June 2010 Progress Report

by phobos | July 13, 2010

New releases

  • On June 1, we released the latest Tor Browser Bundle for Linux, version 1.0.7. This is a compatibility release to allow the bundle to work on a wider variety of Linux distributions.
  • On June 2, updated the Vidalia bundle for OS X PowerPC to include Vidalia 0.2.9.
  • On June 14, we released orbot 0.0.8. This is a maintenance release to fix issues discovered with Android 2.2.
  • On June 17, Tor and the EFF released a Firefox extension called HTTPS Everywhere. The goal is to enable encrypted website viewing by default. More about this release at https://ocewjwkdco.tudasnich.de/blog/https-everywhere-firefox-addon-helps-y….
  • Damian continues to improve and release new versions of ARM, the console-based anonymizing relay monitor, http://www.atagar.com/arm/. Consider it to be like the graphical control application, Vidalia, for relays without a graphical environment.

Design, develop, and implement enhancements that make Tor a better tool for users in censored countries.

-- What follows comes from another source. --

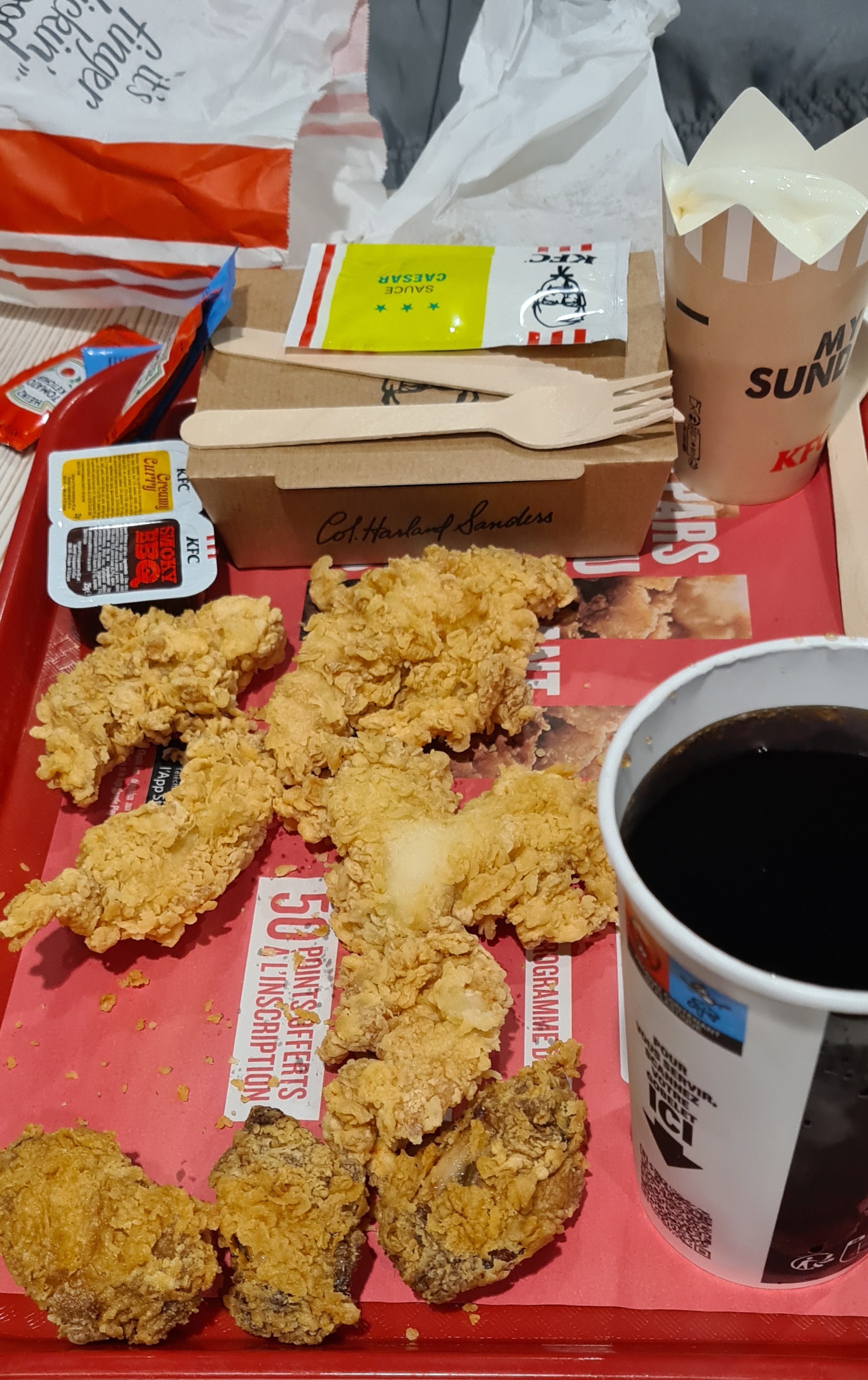 J’ai commandé sur une application connu et une fois a table je me rend compte que j’avais que la moitié de la commande. Je me déplace au KFC qui m’expliquent que les livreurs se trompent suivant et que normalement je devais passer par l’application mais que c'était pas à moi de payer pour les fautes des autres et il me propose de refaire la commande complète avec des extras. Il a vraiment était pro le Menager . Merci à eux

  • We updated the geoip mapping database to the Maxmind GeoLite Country database in tor after an analysis of various geoip mapping databases. The Maxmind GeoLite Country database has more accurate mappings for many parts of the world, such as Iran, SouthEast Asia, and many African countries.
  • China’s Great Firewall continues blocking connections to the public Tor relays. They also updated their blocking to include bridge relays published via email and https websites. We conducted further research into the blocking mechanisms from inside China. A detailed analysis shows China GFW is blocking 90% of the published bridges in the https and smtp pools. The blocking is simply IP Address and TCP port combinations. Bridge relays that have been seeded into various social networks in China as well as new bridge addresses continue to work well.
  • In late June, we started receiving many reports that Nigerian internet providers are blocking many circumvention tools, Tor included. Data about the blocking methods implemented are sparse right now, but we’re continuing to work with a few smart Nigerians to reverse-engineer the blocking regime. More details about this block at https://ocewjwkdco.tudasnich.de/blog/dear-nigerians-help-us-help-you.

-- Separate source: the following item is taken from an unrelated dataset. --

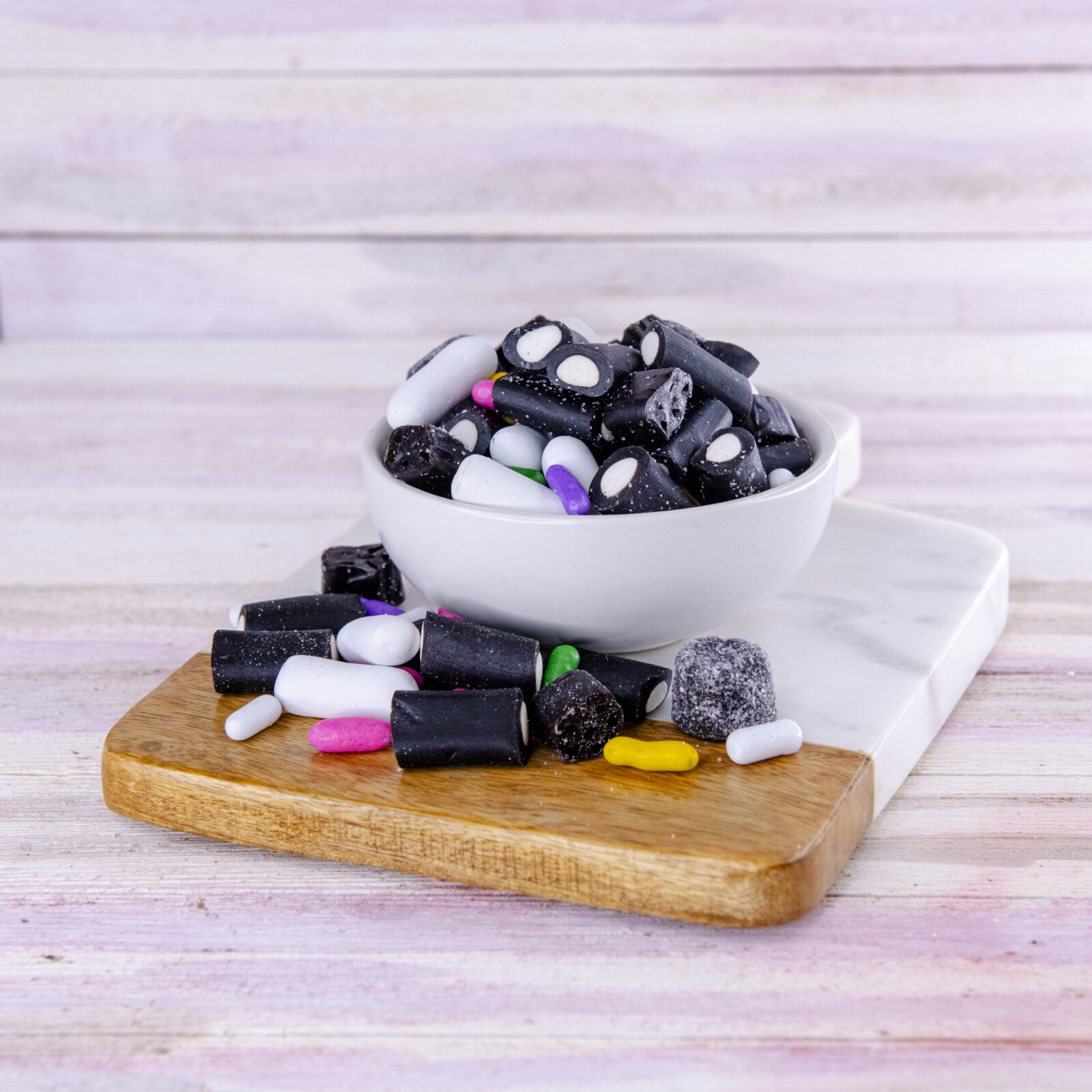 An old-fashioned American favorite, Licorice All Kinds is a colorful combination of licorice nonpareils, cream rock, licorice pastels, jelly beans, and dots.

Measures of the Tor Network
https://ocewjwkdco.tudasnich.de/files/exit-2010-06.png
This graph shows the total quantity of relays and quantity of exit relays in june 2010. Exit relay capacity is one of the potential bottlenecks that affects the overall performance of Tor. The more exit relays we have, the faster it seems to browse the open Internet. As seen in late June, a researcher using PlanetLab hooked up 512 relays to the Tor network for their research into cloud computing and scaling effects on the Tor Network. Before contacting PlanetLab, we removed all 512 nodes from the network consensus so users couldn’t use the suspect relays. We contacted the researcher and the relays were subsequently disabled.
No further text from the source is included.